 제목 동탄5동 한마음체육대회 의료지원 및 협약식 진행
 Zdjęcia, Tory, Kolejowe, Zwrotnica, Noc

---

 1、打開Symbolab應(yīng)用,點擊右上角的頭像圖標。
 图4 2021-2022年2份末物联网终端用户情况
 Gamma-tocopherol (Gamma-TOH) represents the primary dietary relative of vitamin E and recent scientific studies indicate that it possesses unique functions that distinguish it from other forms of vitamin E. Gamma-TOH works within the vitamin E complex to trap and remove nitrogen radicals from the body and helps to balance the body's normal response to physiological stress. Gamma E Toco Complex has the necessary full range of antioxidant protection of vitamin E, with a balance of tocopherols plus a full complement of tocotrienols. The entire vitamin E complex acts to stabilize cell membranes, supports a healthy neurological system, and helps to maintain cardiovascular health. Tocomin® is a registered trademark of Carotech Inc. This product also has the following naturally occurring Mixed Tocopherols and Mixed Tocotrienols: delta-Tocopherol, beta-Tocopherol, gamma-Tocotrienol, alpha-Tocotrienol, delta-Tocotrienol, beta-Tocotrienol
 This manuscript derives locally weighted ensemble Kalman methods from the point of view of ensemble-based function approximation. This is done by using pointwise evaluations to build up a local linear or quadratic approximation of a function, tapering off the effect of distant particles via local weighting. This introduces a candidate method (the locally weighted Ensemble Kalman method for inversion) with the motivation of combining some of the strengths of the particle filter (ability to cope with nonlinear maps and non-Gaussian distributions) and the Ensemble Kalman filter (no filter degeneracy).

---

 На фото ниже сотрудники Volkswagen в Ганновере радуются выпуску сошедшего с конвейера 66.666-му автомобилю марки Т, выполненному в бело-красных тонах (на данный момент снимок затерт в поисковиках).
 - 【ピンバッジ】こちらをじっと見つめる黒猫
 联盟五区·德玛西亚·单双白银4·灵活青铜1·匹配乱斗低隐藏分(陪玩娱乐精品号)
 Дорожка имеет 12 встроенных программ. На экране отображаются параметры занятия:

__What to do__:
Out of the material above, output word for word the line with "1、打開Symbolab應(yīng)用,點擊右上角的頭像圖標。", the line with "Gamma-tocopherol (Gamma-TOH) represents", and all lines between them, with nothing else.

__Answer for the task__:
 1、打開Symbolab應(yīng)用,點擊右上角的頭像圖標。
 图4 2021-2022年2份末物联网终端用户情况
 Gamma-tocopherol (Gamma-TOH) represents the primary dietary relative of vitamin E and recent scientific studies indicate that it possesses unique functions that distinguish it from other forms of vitamin E. Gamma-TOH works within the vitamin E complex to trap and remove nitrogen radicals from the body and helps to balance the body's normal response to physiological stress. Gamma E Toco Complex has the necessary full range of antioxidant protection of vitamin E, with a balance of tocopherols plus a full complement of tocotrienols. The entire vitamin E complex acts to stabilize cell membranes, supports a healthy neurological system, and helps to maintain cardiovascular health. Tocomin® is a registered trademark of Carotech Inc. This product also has the following naturally occurring Mixed Tocopherols and Mixed Tocotrienols: delta-Tocopherol, beta-Tocopherol, gamma-Tocotrienol, alpha-Tocotrienol, delta-Tocotrienol, beta-Tocotrienol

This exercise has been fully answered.